Джо уже понял, что сжимает в объятиях не свою Мишель, а всего-навсего подушку, но не спешил разжать руки. В последний миг перед пробуждением его ноздри уловили аромат ее волос, и теперь он боялся, что любое движение, любой жест способны развеять наваждение и отнять у него это последнее, самое дорогое, оставив его наедине с кислым запахом пота и холодного сигаретного дыма.
Но в мире не было таких сил, которые могли бы удержать воспоминания и помешать им выскользнуть из его судорожно стиснутых пальцев. Запах волос Мишель уносился прочь, в пустоту, словно воздушный шарик, который не поймать, сколько ни прыгай и ни размахивай руками.
Чувствуя себя ограбленным до нитки, Джо поднялся и подошел к окну. Его постель, состоявшая из брошенного на пол матраса, подушки и одеяла, была единственным предметом обстановки, поэтому он мог не бояться налететь на мебель даже в густых предрассветных сумерках.
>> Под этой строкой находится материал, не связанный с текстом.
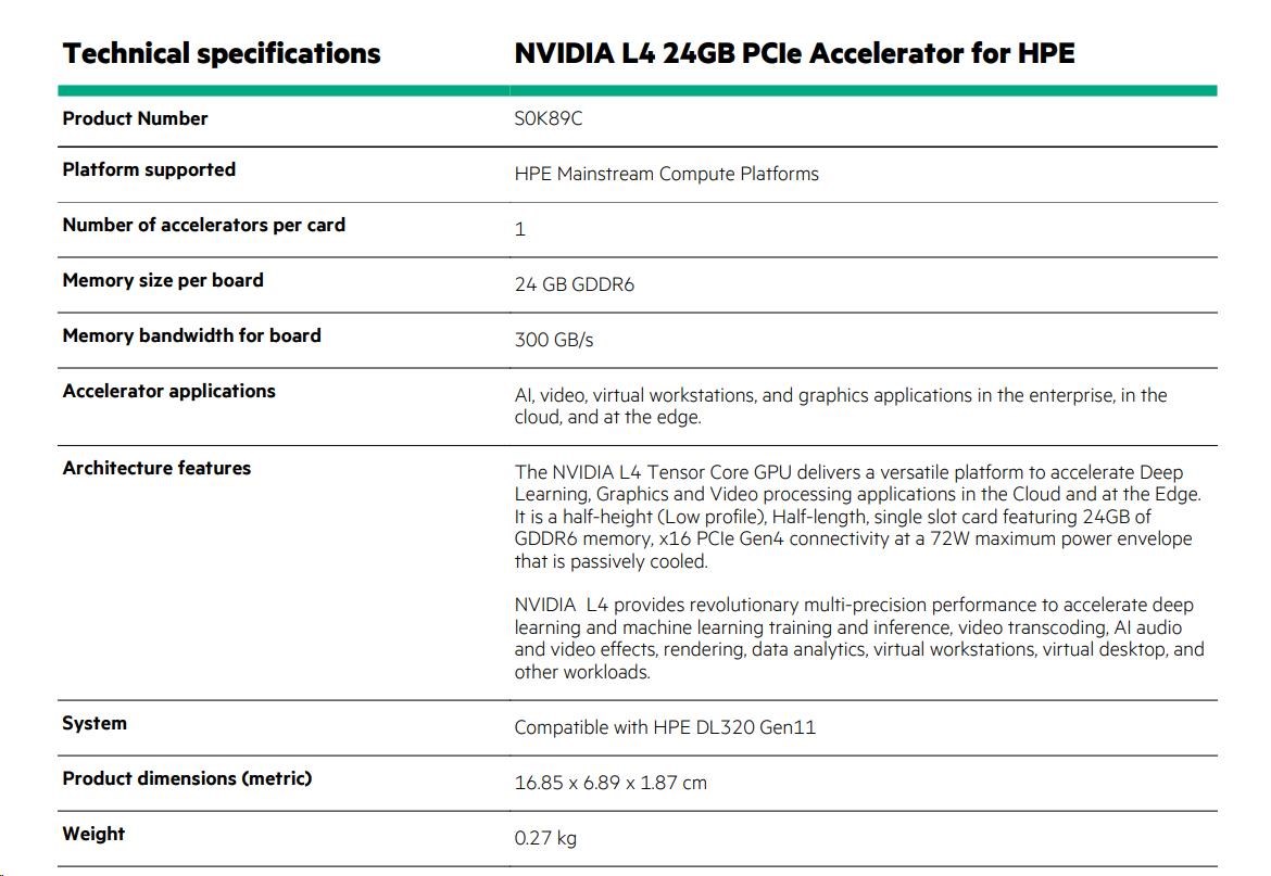 NVIDIA L4 24GB PCIe Accelerator for HPE S0K89CR RENEW.

Однокомнатная квартирка в конце Лоурел-Каньон, которую он снимал, находилась на втором этаже и состояла из одной большой спальни с двумя окнами, кухонного закутка, чулана и тесной туалетной комнатушки с ржавой трубой стоячего душа в углу. Первый этаж занимал захламленный гараж на две машины. Джо переехал сюда после того, как продал дом в Студио-Сити, но он даже не потрудился перевезти сюда что-то из обстановки. Мертвецам мебель ни к чему, а он приехал сюда умирать.
И вот теперь на протяжении десяти месяцев Джо аккуратно вносил арендную плату в ожидании утра, когда он не сумеет проснуться.
Из окна открывался вид на круто уходящую вверх стену каньона, густо заросшую вечнозеленым чапаралем и эвкалиптами. Сквозь кроны чахлых городских деревьев на западе горел серебром вечный символ обманутых надежд – диск полной луны, склонявшейся к горизонту.
Глядя прямо перед собой, Джо удивился, что он все еще не умер. Но и живым назвать его тоже было нельзя. Он застрял где-то посередине, на половине пути из одного мира в другой, и теперь, раз о возвращении не могло быть и речи, он хотел пройти этот путь до конца.
Джо сходил на кухню, достал из холодильника бутылку ледяного пива, вернулся в комнату и сел на матрас, привалившись спиной к стене.
Пиво в половине третьего ночи! Типично растительное существование, без целей, без надежд…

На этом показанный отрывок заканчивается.